There was a time, not so long ago, that The Zombie was one of the most horrifying creatures in popular culture. Of course I am talking about the ghouls that sprang from the minds of Mr. George A. Romero and company way back in 1968 (prior to that you had your voodoo zombies, but they posed no real threat to anyone); Romero had us dealing with reanimated corpses that shambled about on a lone quest - to eat the living. Singularly, The Zombie was no real threat. He or she was slow, stupid and clumsy, and could easily be outrun. But when you came across a horde of them (as was often the case), things usually went bad quickly.
Those early days of movie zombies were the most terrifying. Technicolor blood and guts splashed across the screen, and while the viewer's stomach might have been turning, his nerves were in tatters - and why not? Zombie movies were not the dime-a-dozen they are these days. This was a time well before Max Brooks was writing tongue in cheek survival guides, or when every one had a video camera so that everyone could shoot a walking dead movie - back in the old days, The Zombie was one scary mother fucker.
So what went wrong? When did The Zombie go from representing our collective fear of death, disease and group think to becoming just a silly prop (or worse, a cuddly monster)?
The start of the downfall was when Michael Jackson, in 1983, gave us dancing zombie's in his short film, Thriller - but, in my humble opinion, the problem started in earnest in 1985 with the release of Return of the Living Dead; a comic horror film that was co written by two of Romero's former collaborators, John Russo and Russell Streiner (who played Johnny in Night of the Living Dead). While Return... has it's charms, (I know, everyone loves The Tarman) - it also had zombie's who spoke, and craved human brains (this of course means that said zombie would have to crack open the skull of his victim to get to the coveted gray matter). Furthermore you had zombie's wise cracking as well as at least one female ghoul who despite her rotting flesh, was a hard bodied, punk bimbo that served as way of bringing in the teen aged boys and their raging hormones into the theaters.

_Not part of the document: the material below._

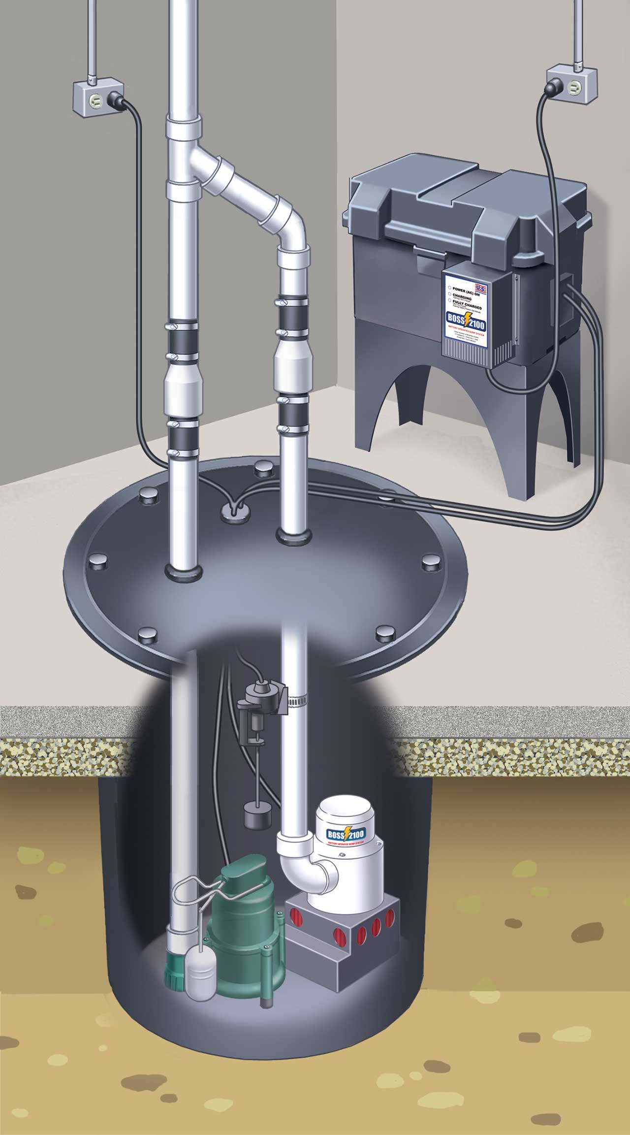 Our reliable battery backup sump pumps utilize the BOSS 2100 system that provides emergency water removal during power outages, featuring high-capacity batteries and efficient pump operation for extended protection periods.
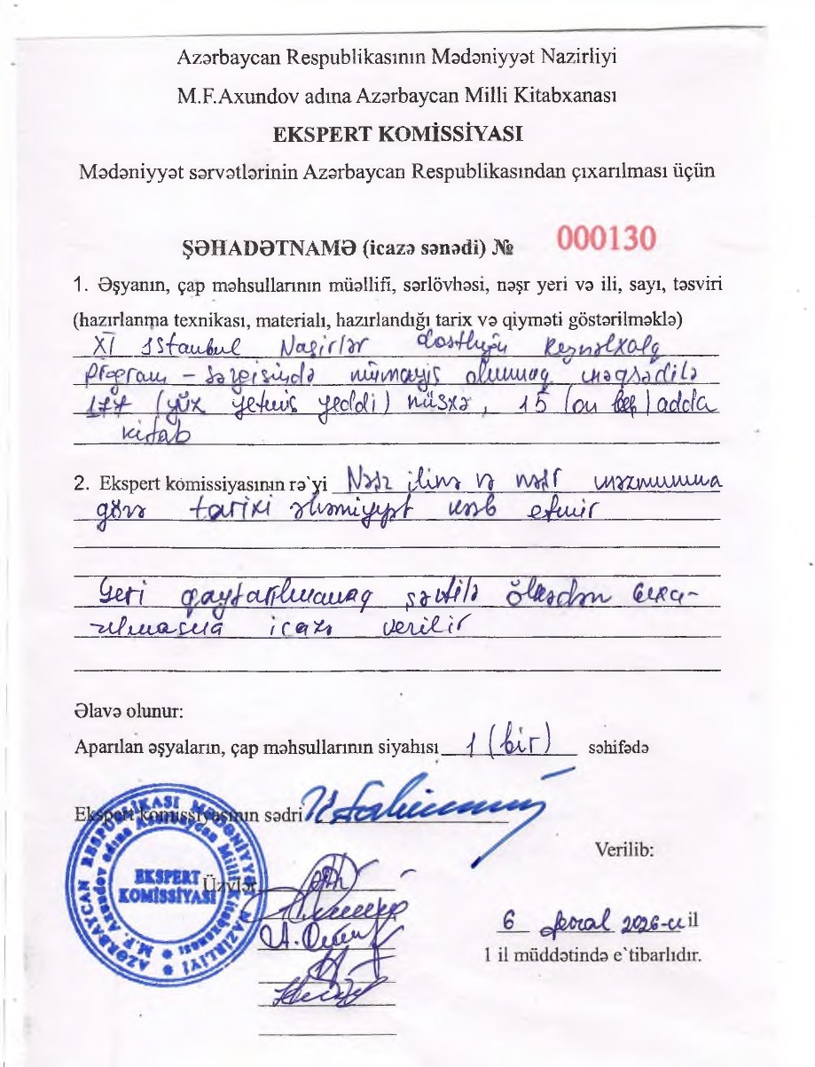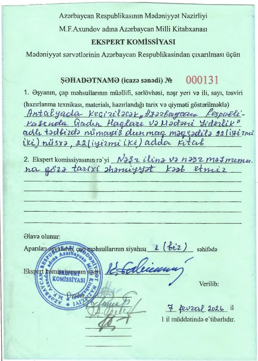 Çap məhsullarının, kitabların və əlyazmaların ekspertizasının keçirilməsi, tarixi, bədii, elmi dəyərinin müəyyənləşdirilməsi və respublikadan çıxarılması üçün şəhadətnamə (icazə sənədi) verilməsi üzrə ekspert komissiyanın Əsasnaməsi və tərkibi təsdiq edilmişdir.

Happily, 1985 also saw Romero's return to the living dead with Day of the Dead. But by this point, even The Master was getting a bit soft when he gave us Bub, the (almost) domesticated zombie who enjoys calling his Aunt Alicia, as well as feeding on human flesh. In spite of the comic relief that Bub provided, Day of the Dead was far from being a comedy and it continued the horrific and hopeless cinematic universe Romero had created several decades earlier.
It seems that The Zombie fell out of favor for most of the 1990's - with the exception of a Romero scripted remake of Night of the Living Dead, and John Skipp and Craig Spector's anthologies (Book of the Dead & Book of the Dead II - Still Dead), there was not much in the way of flesh eaters around in the decade of Bill Clinton (Chopper Chicks in Zombietown, anyone?).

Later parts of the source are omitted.